Between January and February, multiple wallets linked to Bitcoin miners moved approximately 48,800 BTC, valued at over $3 billion. However, not all of these movements were due to massive liquidations; rather, they were transfers between treasuries and platforms.
On February 5, the market registered an unusual movement: 28,605 BTC left addresses associated with miners in a single day, equivalent to about $1.8 billion. The following day, another 20,169 BTC ($1.4 billion) were added. In total, almost 49,000 BTC changed hands in just 48 hours, one of the largest movements since the end of 2014. At first glance, the magnitude raised concerns about a possible wave of mass selling.
However, the volume transferred far exceeded recent production. In January of this year, eight publicly reporting miners mined a total of about 2,377 BTC, a figure much lower than the transfers observed in February. This difference made it clear that most of the coins moved were not newly mined BTC sold immediately on the spot market, but rather part of accumulated reserves.

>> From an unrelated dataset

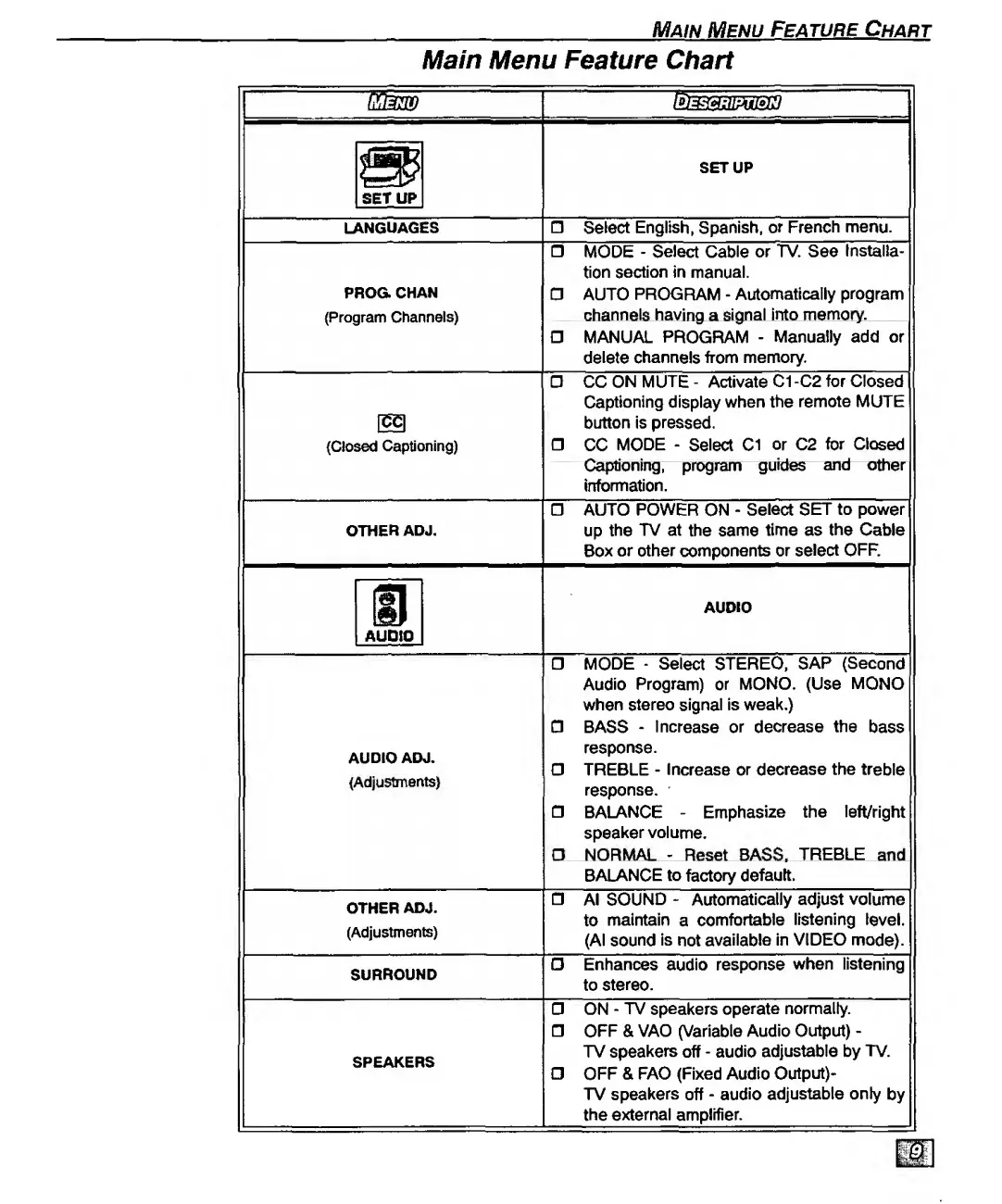 Panasonic CT-27D20 - Main Menu Feature Chart.9

At the corporate level, the data showed a more nuanced reality. CleanSpark, for example, mined 573 BTC in January but sold only 158.63, maintaining a reserve of 13,513 BTC. Cango produced 496.35 BTC, sold 550.03, and then disposed of an additional 4,451 BTC for $305 million to pay off a Bitcoin-backed loan and fund its shift toward AI infrastructure. Other firms, such as Canaan and LM Funding, increased their reserves, while Hive used pledging schemes on 480 BTC to obtain liquidity without selling directly on the market.
Not all outflows imply sales: details of the movements
In detail, the key point is that not every on-chain movement equates to immediate selling pressure. Some outflows corresponded to internal treasury transfers, balance reorganizations, or movements toward collateralized structures. In other words, many of those coins didn’t reach exchanges for public liquidation; instead, they were used as collateral or strategically reallocated.
Furthermore, the market context was already delicate. Bitcoin had fallen to around $63,300 on January 5 and suffered a decline of nearly 15% on January 29. This was compounded by outflows from US spot ETFs and the largest mining difficulty adjustment since 2021 (an 11–14% drop), which increased operational pressure, especially for higher-cost producers.
Therefore, the operational interpretation for traders and institutions was more pragmatic than alarmist. The massive outflows indicated balance sheet activity and financial restructuring rather than indiscriminate liquidation. This reduced the immediate downside risk stemming from those one-off transfers, although it left a conditional supply latent: if prices deteriorate and loan clauses or financing needs are triggered, some of that BTC could eventually be sold.